Directions for this task >> Print every record below exactly, minus the pictures.

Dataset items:
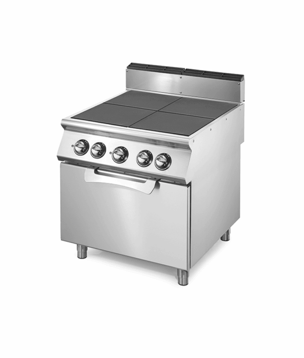 Fogão elétrico com 4 placas quadradas de aquecimento basculantes e forno estático.
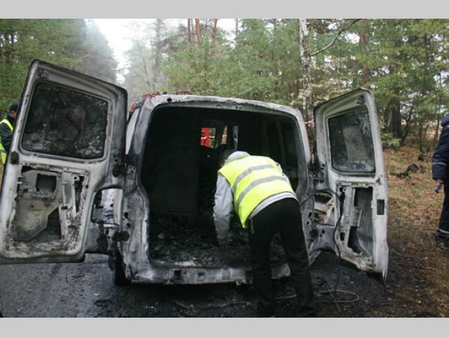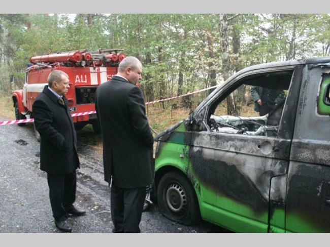 Известно, что микроавтобус отклонился от маршрута и сгорел. Остатки автомобиля были обнаружены в сотне метров от автодороги Киев-Чернигов. В салоне находились три трупа.
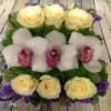 This rustic wooden planter features a pavé design of creamy white roses, green dianthus and cymbidium orchids bordered by purple statice
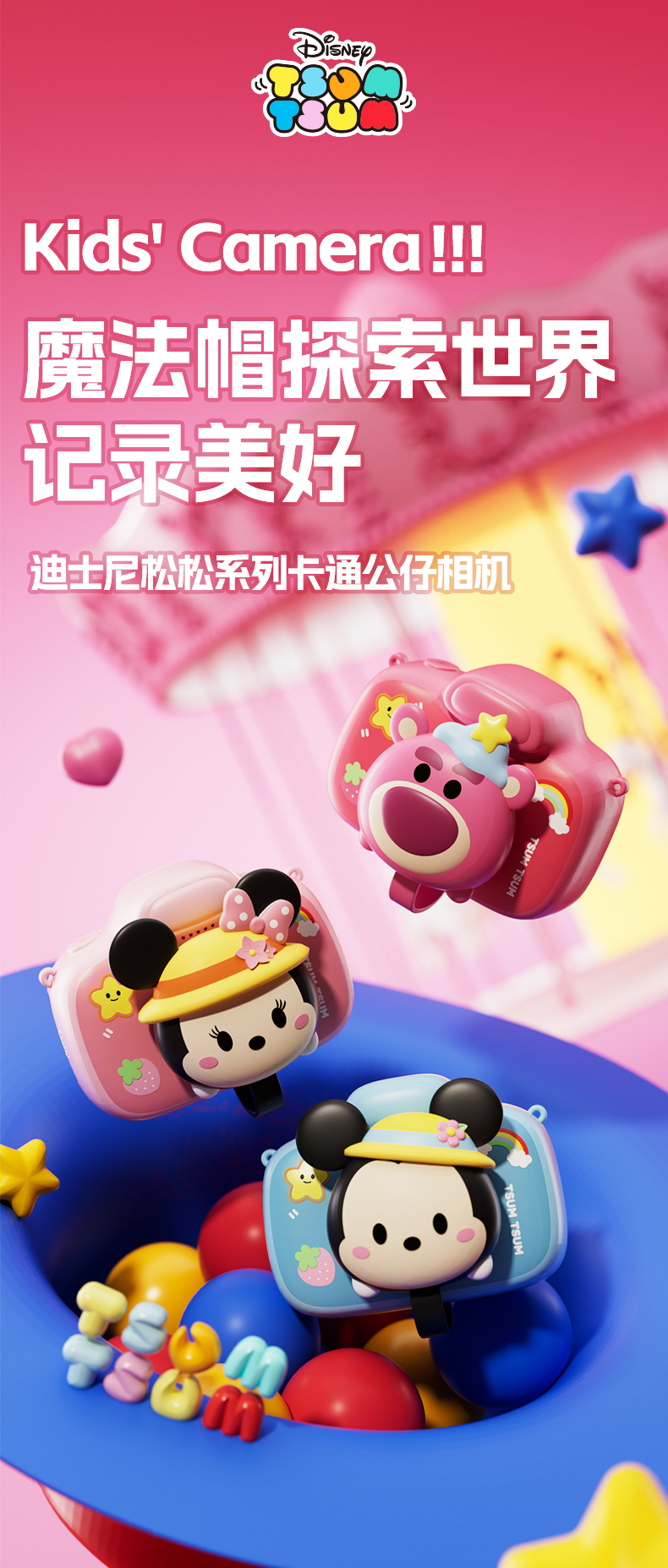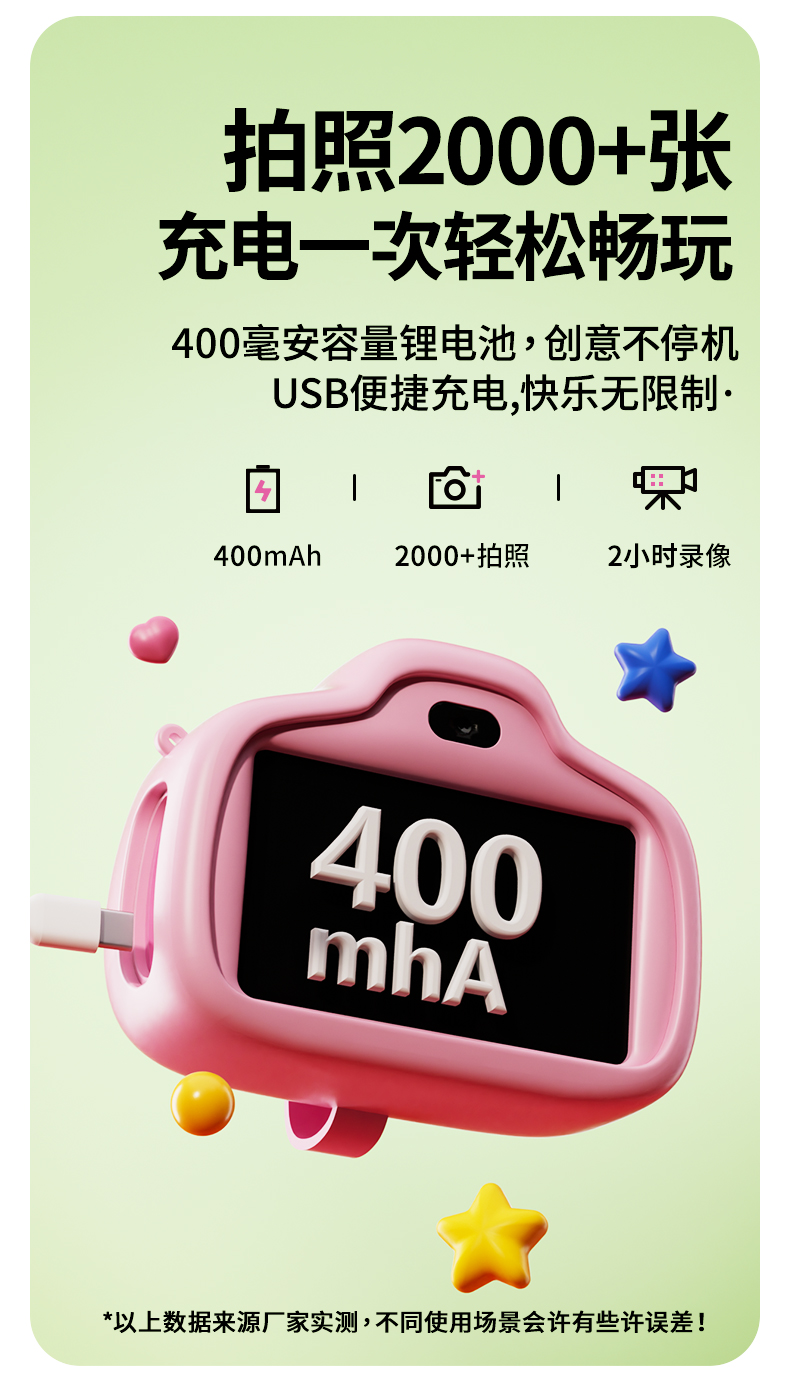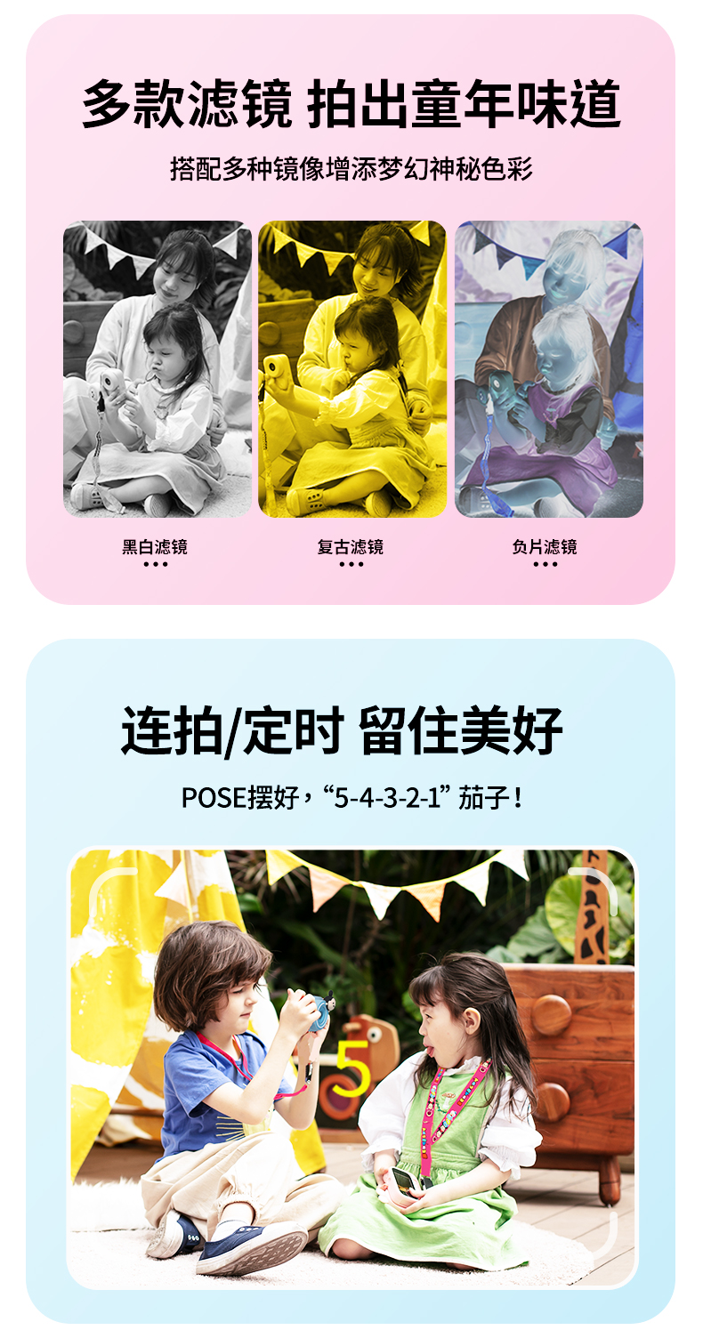 【迪士尼新款拍拍乐】4800万前后双摄儿童相机 可拍照迷你数码照相机 男女孩生日 玩具礼物
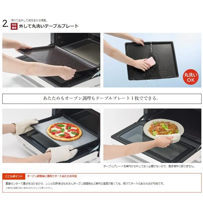 - ラク旨グリル(モデルによる):グリル皿を使い上下同時加熱で一気に焼き上げ。
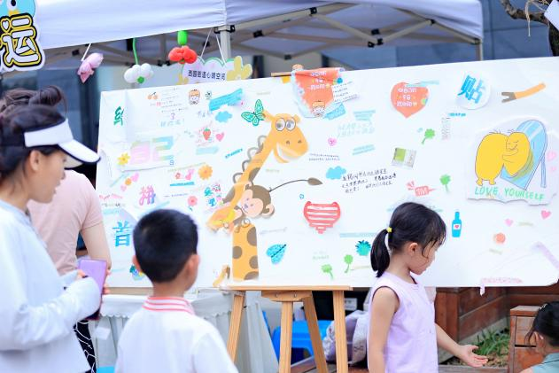 台上表演精彩纷呈,台下的工作坊同来迎来居民们的积极体验。尽管天气炎热,也抵挡不住居民们的参与热情。此次活动共设置了七个街道搭建的心情空间趣味工作坊,包括“夏天的约定”“扭到你心里”“快乐小狗,带我走吧”“青年人撒欢营地”“蕉绿卸载站”“给自己一个爱的抱抱”“心晴刮刮乐”,通过趣味游戏的方式让不同年龄的居民释放压力,放松身心。
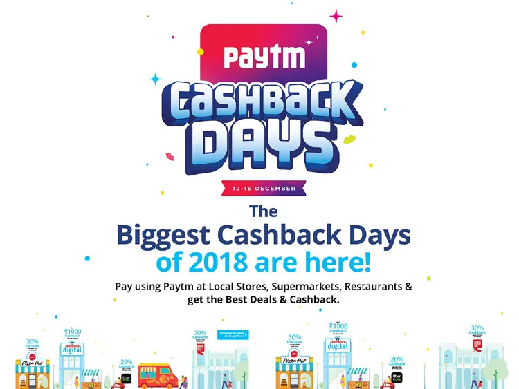 यह एक ऐसी पहल है जिसमें यूजर्स को हर छोटी-मोटी चीज से लेकर बड़े से बड़े प्रोडक्ट और सर्विस पर 15 से लेकर 20 प्रतिशत तक का कैशबैक दिया जा रहा है। इतना ही नहीं पेटीएम विभिन्न उत्पादों पर 70 प्रतिशत तक का डिस्काउंट और अन्य आकर्षक ऑफर की भी पेशकश कर रहा है। पेटीएम पर पेटीएम कैशबैक डेज सेल 12 दिसंबर से शुरू हो चुकी है और यह 16 दिसंबर रात 12 बजे तक चलेगी।
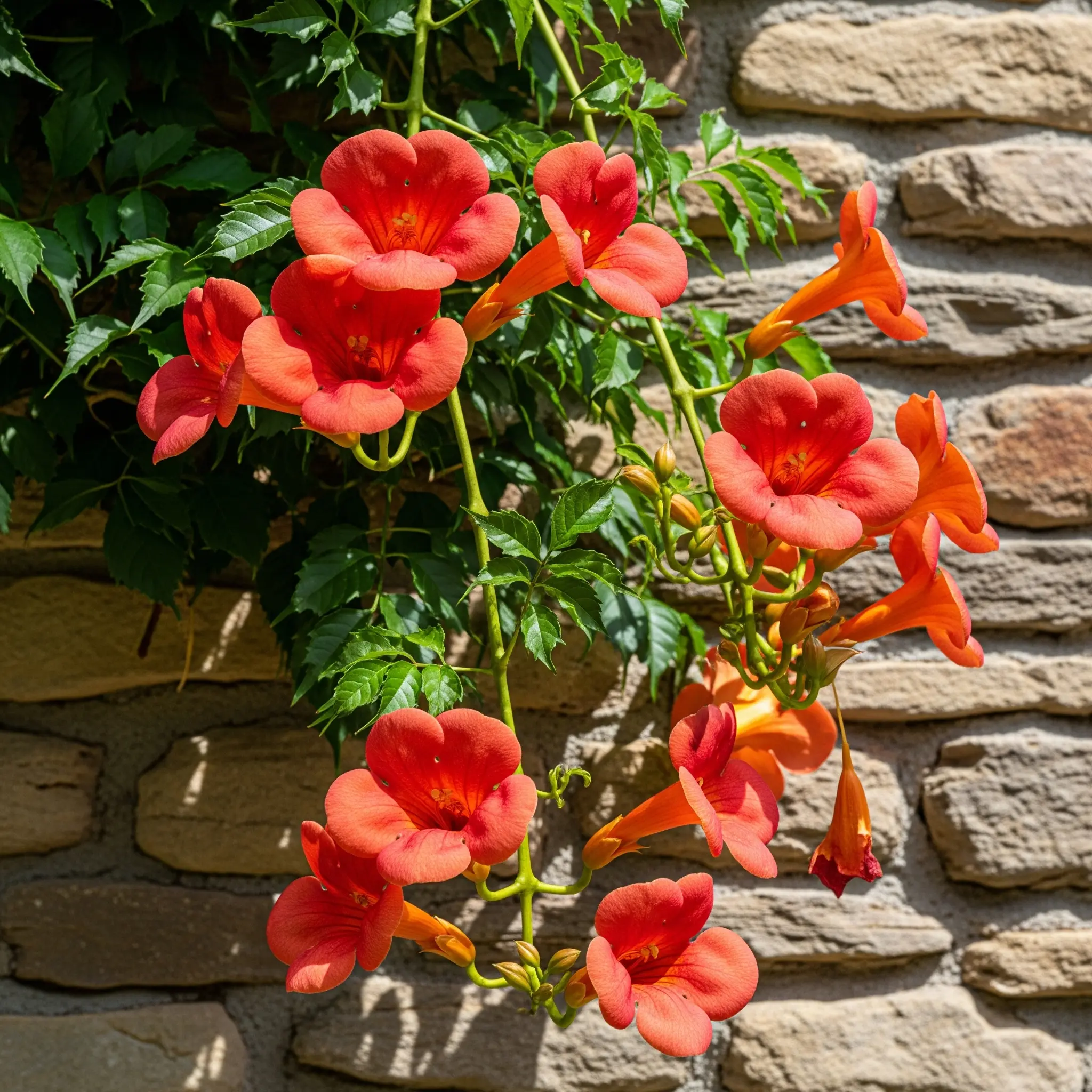 - Auto-adherente: A diferencia de otras trepadoras que necesitan alambres o guías, la Campsis desarrolla pequeñas raíces aéreas en sus tallos que le permiten agarrarse sola a muros de piedra, ladrillo u hormigón rústico.
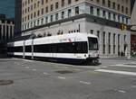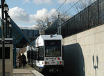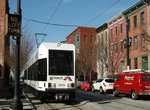 NJT-HBLR LRV no. 2044 at the Marin Blvd. overpass in Jersey City. Photo by David Pirmann, April 2012.
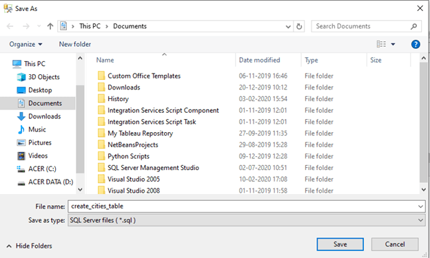 Step 5: Choose a file from the next menu and save the script with the desired name. Here, the file of the extension type by default. If that’s not the case for you, mention .sql as a file extension.
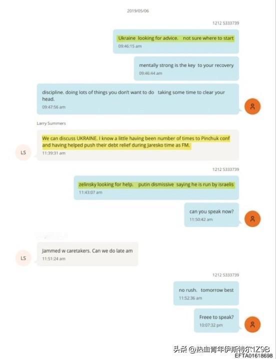 爱泼斯坦声称普京表示泽连斯基受以色列人控制。 2019年5月6日,泽连斯基赢得大选两周后,爱泼斯坦和拉里·萨默斯就泽连斯基互发短信。当时泽连斯基刚刚胜选,但尚未就职。 爱泼斯坦:“乌克兰正在寻求建议,但不知道从何入手。” 爱泼斯坦:“泽林斯基寻求帮助。普京不屑一顾,称他受以色列人控制。”
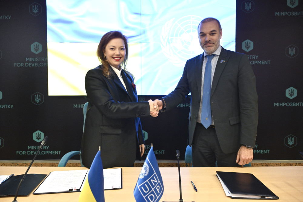 У Києві документ підписали Альона Шкрум, перша заступниця міністра, та Христофорос Політіс, заступник постійного представника ПРООН в Україні.
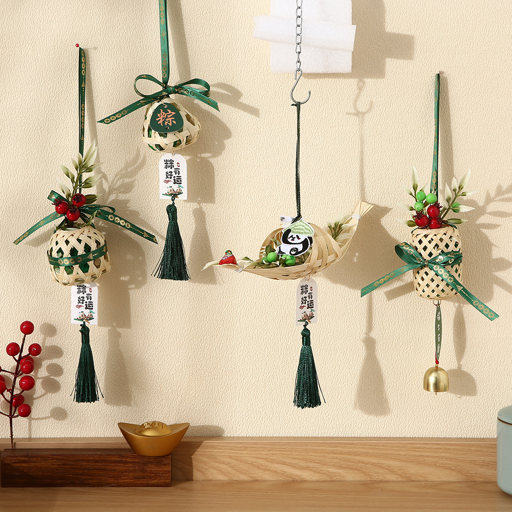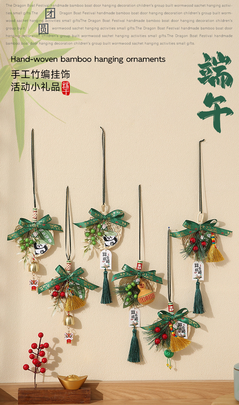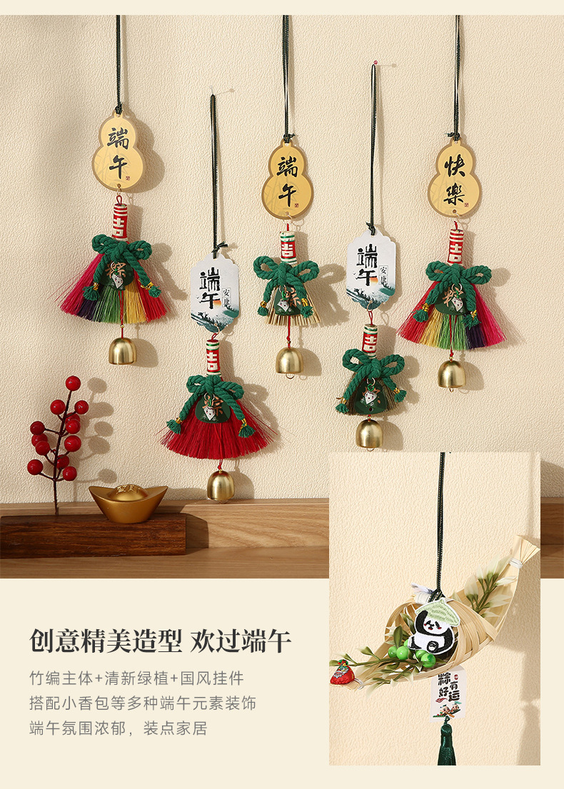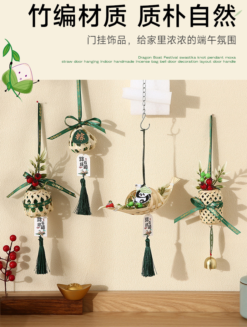 端午节小蒲扇小扫帚挂件竹编蒲扇入户门挂室内铃铛端午门把手装饰
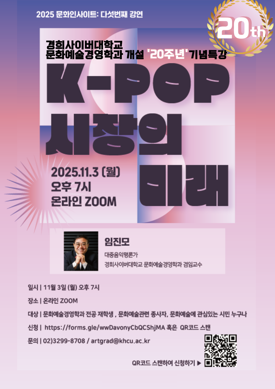 전공 학부, 대학원생, 일반인 종사자, 가수 등 70여명이 참석한 이날 문화인사이트는 KHCU(경희사이버대학교)대학원 문화예술경영 전공에서 마련했다. 문화산업과 예술현장을 깊이 있게 바라보는 전문가와 함께, 변화의 흐름을 함께 읽어보는 온라인 특강이다.
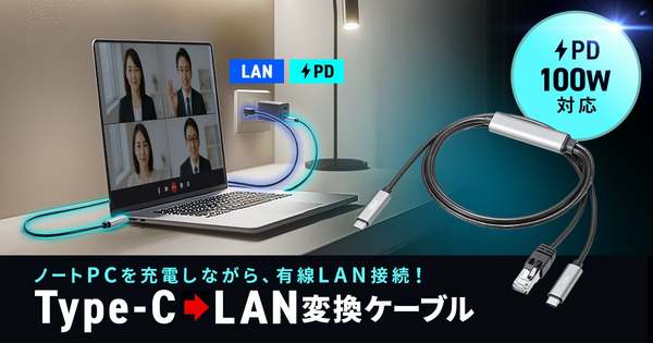 サンワサプライ、PD100W急速充電対応のUSB Type-C to LAN変換ケーブルを発売

Exercise output >>
 Fogão elétrico com 4 placas quadradas de aquecimento basculantes e forno estático.
 Известно, что микроавтобус отклонился от маршрута и сгорел. Остатки автомобиля были обнаружены в сотне метров от автодороги Киев-Чернигов. В салоне находились три трупа.
 This rustic wooden planter features a pavé design of creamy white roses, green dianthus and cymbidium orchids bordered by purple statice
 【迪士尼新款拍拍乐】4800万前后双摄儿童相机 可拍照迷你数码照相机 男女孩生日 玩具礼物
 - ラク旨グリル(モデルによる):グリル皿を使い上下同時加熱で一気に焼き上げ。
 台上表演精彩纷呈,台下的工作坊同来迎来居民们的积极体验。尽管天气炎热,也抵挡不住居民们的参与热情。此次活动共设置了七个街道搭建的心情空间趣味工作坊,包括“夏天的约定”“扭到你心里”“快乐小狗,带我走吧”“青年人撒欢营地”“蕉绿卸载站”“给自己一个爱的抱抱”“心晴刮刮乐”,通过趣味游戏的方式让不同年龄的居民释放压力,放松身心。
 यह एक ऐसी पहल है जिसमें यूजर्स को हर छोटी-मोटी चीज से लेकर बड़े से बड़े प्रोडक्ट और सर्विस पर 15 से लेकर 20 प्रतिशत तक का कैशबैक दिया जा रहा है। इतना ही नहीं पेटीएम विभिन्न उत्पादों पर 70 प्रतिशत तक का डिस्काउंट और अन्य आकर्षक ऑफर की भी पेशकश कर रहा है। पेटीएम पर पेटीएम कैशबैक डेज सेल 12 दिसंबर से शुरू हो चुकी है और यह 16 दिसंबर रात 12 बजे तक चलेगी।
 - Auto-adherente: A diferencia de otras trepadoras que necesitan alambres o guías, la Campsis desarrolla pequeñas raíces aéreas en sus tallos que le permiten agarrarse sola a muros de piedra, ladrillo u hormigón rústico.
 NJT-HBLR LRV no. 2044 at the Marin Blvd. overpass in Jersey City. Photo by David Pirmann, April 2012.
 Step 5: Choose a file from the next menu and save the script with the desired name. Here, the file of the extension type by default. If that’s not the case for you, mention .sql as a file extension.
 爱泼斯坦声称普京表示泽连斯基受以色列人控制。 2019年5月6日,泽连斯基赢得大选两周后,爱泼斯坦和拉里·萨默斯就泽连斯基互发短信。当时泽连斯基刚刚胜选,但尚未就职。 爱泼斯坦:“乌克兰正在寻求建议,但不知道从何入手。” 爱泼斯坦:“泽林斯基寻求帮助。普京不屑一顾,称他受以色列人控制。”
 У Києві документ підписали Альона Шкрум, перша заступниця міністра, та Христофорос Політіс, заступник постійного представника ПРООН в Україні.
 端午节小蒲扇小扫帚挂件竹编蒲扇入户门挂室内铃铛端午门把手装饰
 전공 학부, 대학원생, 일반인 종사자, 가수 등 70여명이 참석한 이날 문화인사이트는 KHCU(경희사이버대학교)대학원 문화예술경영 전공에서 마련했다. 문화산업과 예술현장을 깊이 있게 바라보는 전문가와 함께, 변화의 흐름을 함께 읽어보는 온라인 특강이다.
 サンワサプライ、PD100W急速充電対応のUSB Type-C to LAN変換ケーブルを発売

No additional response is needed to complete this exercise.